19 Março 2008
O documentário Nas terras do bem-virá trata do trabalho escravo na Amazônia, mais especificamente no Pará e no Mato Grosso, e revela como é realizado anualmente o aliciamento de mais de 20 mil trabalhadores nordestinos, especialmente nos estados de Maranhão e Piauí, para servirem como mão-de-obra escrava para a agropecuária e extração madeireira naquelas terras. O resultado é a edição de mais de 200 horas de depoimentos e cenas de arquivo, que acabam por abranger também a questão do conflito agrário no norte do Brasil. E quem fala sobre o tema, em entrevista concedida por telefone para a IHU On-Line, é o próprio diretor desse documentário, Alexandre Rampazzo.
Segundo ele, vivemos dentro de uma grande "ditadura da informação", em que fatos como a escravidão contemporânea são encobertos. E completa: "É estranho falar nisso quando estamos na era da informação, mas, se você olhar direito, perceberá que são meia dúzia de grandes famílias que detêm muitos meios de comunicação. Quando saímos dos grandes centros urbanos, esses donos são políticos, como, por exemplo, no Maranhão em que a família Sarney é dona de tudo, ou na Bahia, em que há o domínio da família Magalhães".

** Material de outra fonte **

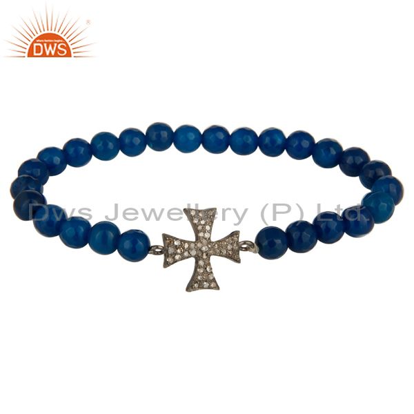 Pave Diamond 925 Sterling Silver Cross Charms Bracelet With Blue Onyx Beads

Mestre pela Universidade Federal Fluminense, Rampazzo é pós-graduado em Marketing, pela ESPM/SP, e graduado em Comunicação Social com ênfase em Propaganda e Marketing, pela ESPM/SP. Nas terras do bem-virá será apresentado no dia 15-05-2008 na Casa do Trabalhador, em Curitiba. Para maiores informações, clique aqui.
Confira a entrevista.
IHU On-Line – Como surgiu a idéia de filmar o documentário Nas terras do bem-virá?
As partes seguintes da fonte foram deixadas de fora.